Please repeat exactly the lines from the one containing "小関 舜次郎さんを姓名の画数から五運を鑑定" through the last line of the records below, both included, and leave out any pictures.

◆ **DATA EXCERPTS**:
------
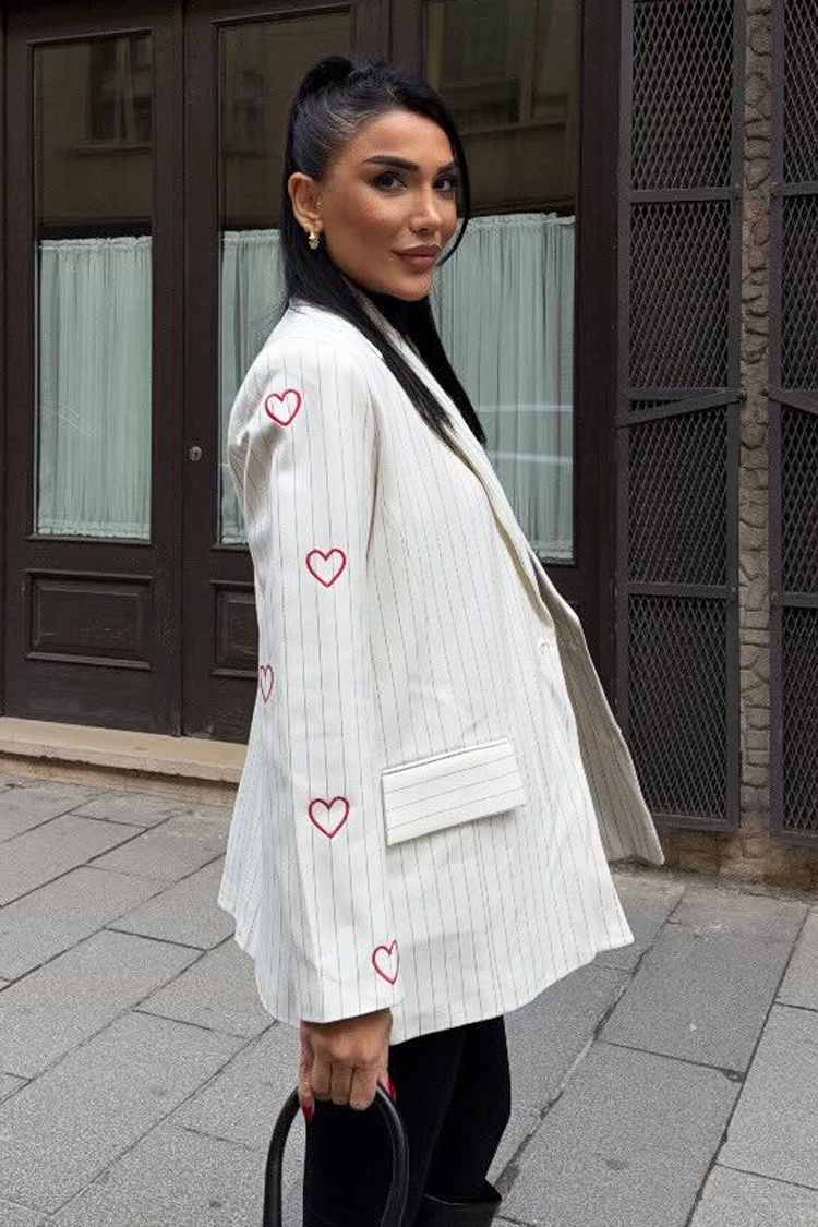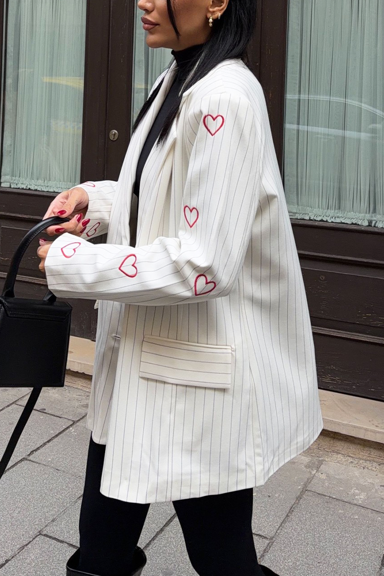 • Съчетайте стилното с удобното! Моделът е с овърсайз дизайн, яка, джобове, десен на райета и сърца.
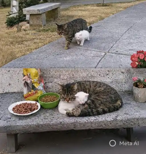 Il comportamento osservato non si limita alla semplice presenza. Il gatto adulto utilizza il corpo per indicare la direzione, accompagna il piccolo verso le ciotole e resta vicino nei momenti di maggiore vulnerabilità. Una dinamica che si ripete ogni giorno, diventando parte della routine del parco.
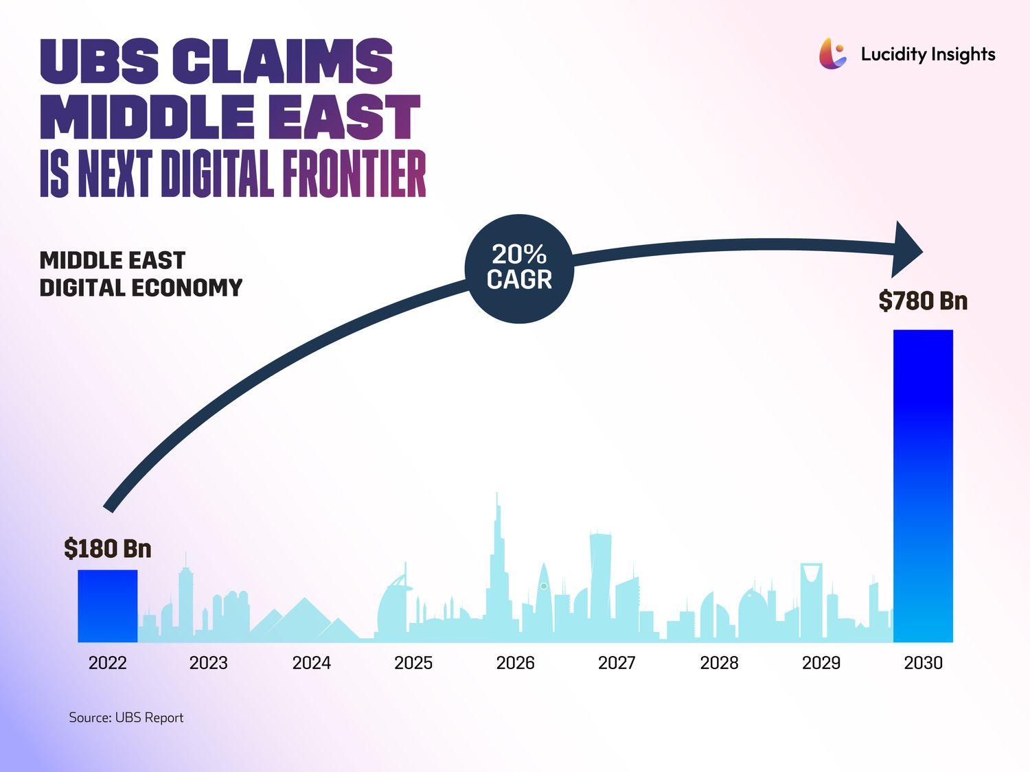Switzerland headquartered bank, UBS AG, has reported that the Middle East is expected to grow from a Digital Economy that was approximately valued at $180 billion in 2022, to more than quadruple to be valued at $780 billion by 2030. That's roughly a 20% average growth rate per year. This would make the Middle East one of the fastest growing digital economies globally, especially as the global digital economy is expected to double in that same time period.
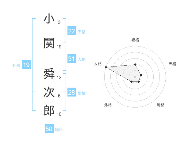 小関 舜次郎さんを姓名の画数から五運を鑑定
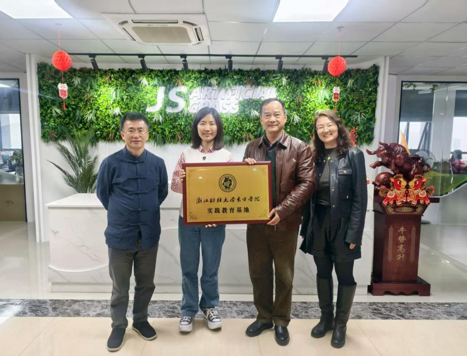 为深入贯彻产教融合发展战略,精准对接海宁产业需求,2026年3月31日下午,金融与经贸学院党总支书记方志勇、副院长李乐及跨境电商系系主任王恩江一行赴海宁江森人造草坪有限公司开展专项调研,双方围绕校企合作具体落地事宜展开深入磋商,期间举行实习基地授牌仪式,进一步明确合作方向、细化合作举措,推动校企协同育人走深走实。
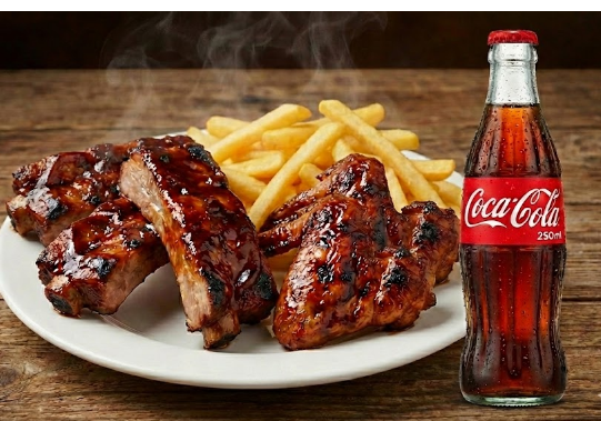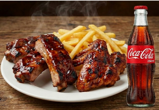 5 Alitas y 5 costilla BBQ más porción de papas a la francesa más 2 Gaseosas de 250 ml.
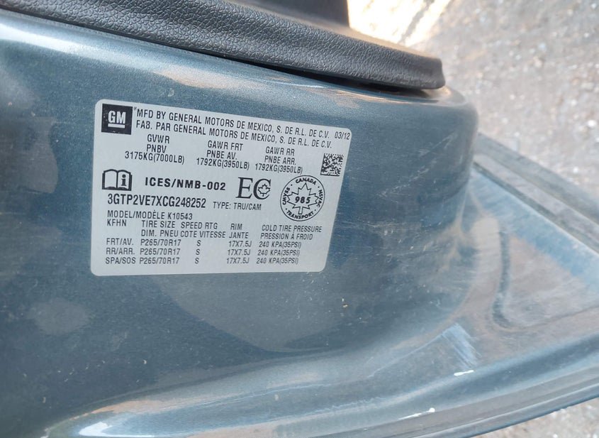 - VIN: 3GTP2VE7XCG248252
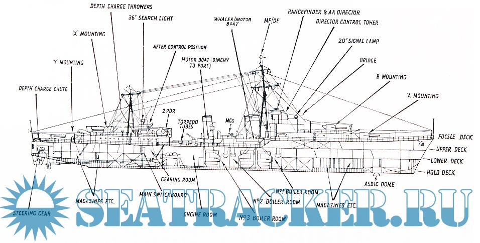 The Admiralty therefore decided that the next class of destroyer must be larger, thus providing a steadier platform for the extra guns that were needed to defend the fleet against torpedo attack by these big foreign ships. Their main armament was to be so designed that it could also be used to augment the antiaircraft defenses of the fleet. Torpedo armament was considered less important, while their anti-submarine capability was not given a very high priority. Admittedly this feature of their armament was superior to earlier classes, but perhaps it was felt that the comforting use of asdic would guarantee the defeat of any under water menace. The new class would not be expected to carry out either high-speed mine-sweeping or mind laying
------
◆ **FINISHED EXERCISE**:
 小関 舜次郎さんを姓名の画数から五運を鑑定
 为深入贯彻产教融合发展战略,精准对接海宁产业需求,2026年3月31日下午,金融与经贸学院党总支书记方志勇、副院长李乐及跨境电商系系主任王恩江一行赴海宁江森人造草坪有限公司开展专项调研,双方围绕校企合作具体落地事宜展开深入磋商,期间举行实习基地授牌仪式,进一步明确合作方向、细化合作举措,推动校企协同育人走深走实。
 5 Alitas y 5 costilla BBQ más porción de papas a la francesa más 2 Gaseosas de 250 ml.
 - VIN: 3GTP2VE7XCG248252
 The Admiralty therefore decided that the next class of destroyer must be larger, thus providing a steadier platform for the extra guns that were needed to defend the fleet against torpedo attack by these big foreign ships. Their main armament was to be so designed that it could also be used to augment the antiaircraft defenses of the fleet. Torpedo armament was considered less important, while their anti-submarine capability was not given a very high priority. Admittedly this feature of their armament was superior to earlier classes, but perhaps it was felt that the comforting use of asdic would guarantee the defeat of any under water menace. The new class would not be expected to carry out either high-speed mine-sweeping or mind laying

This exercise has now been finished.